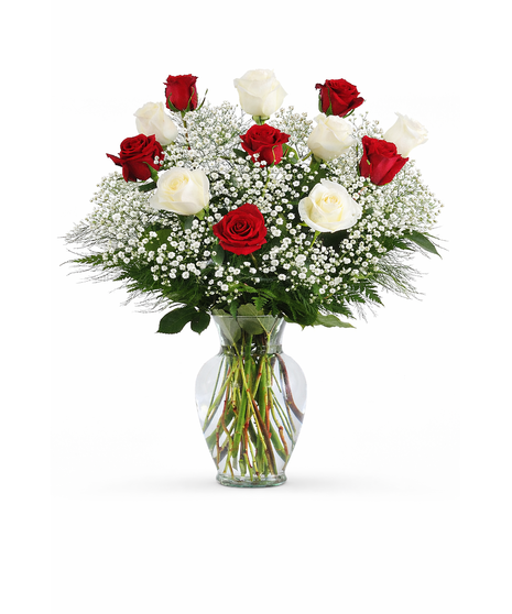 One Dozen Roses in Red & White
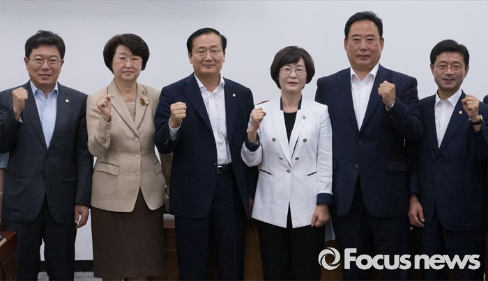 (서울=포커스뉴스) 21일 오전 서울 여의도 국회에서 민생경제 특별위원회 전체회의를 마친 김상희 위원장과 의원들이 취재진을 향해 포즈를 취하고 있다.
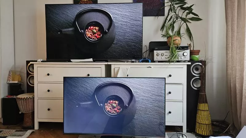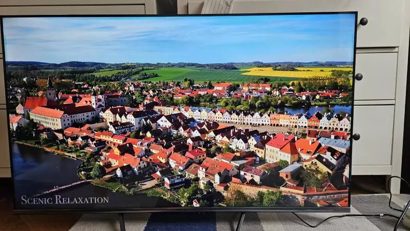 Základem je 55” UHD obrazovka s LCD QLED panelem, která sice nemá Mini LED podsvícení, ale během testu vykázala dobrý obraz s rovnoměrným podsvícením a u světlých scén i poměrně dobrým odlišením detailů. V tmavých scénách se samozřejmě nemůže srovnávat s Mini LED nebo OLED panely, což je zvlášť patrné při přímém srovnání. Černá je spíše šedá a detaily se ztrácí, v tmavých scénách jsou navíc poměrně málo saturované barvy, ale pro běžné sledování televize a seriálů opět nic kritického. Milovníci špičkového obrazu ale musí sáhnout k OLED nebo Mini LED obrazovce.
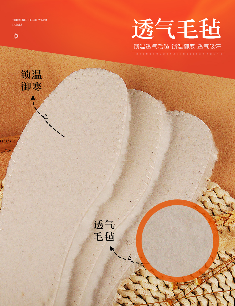 【神福利】5双装,大底羊毛毡材质鞋垫,质感轻盈,亲肤柔软,加厚加绒,透气吸汗,蓬松浓密,精细包边,御寒保暖,给你家温暖整个寒冬。
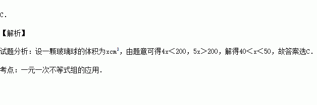 根据以上过程,推测这样一颗玻璃球的体积在( )

— What this task involves —
Up to and including the line that holds "(서울=포커스뉴스) 21일 오전", restate word for word each line of the records from their start, and only those lines, leaving out the pictures.

— Problem solution —
 One Dozen Roses in Red & White
 (서울=포커스뉴스) 21일 오전 서울 여의도 국회에서 민생경제 특별위원회 전체회의를 마친 김상희 위원장과 의원들이 취재진을 향해 포즈를 취하고 있다.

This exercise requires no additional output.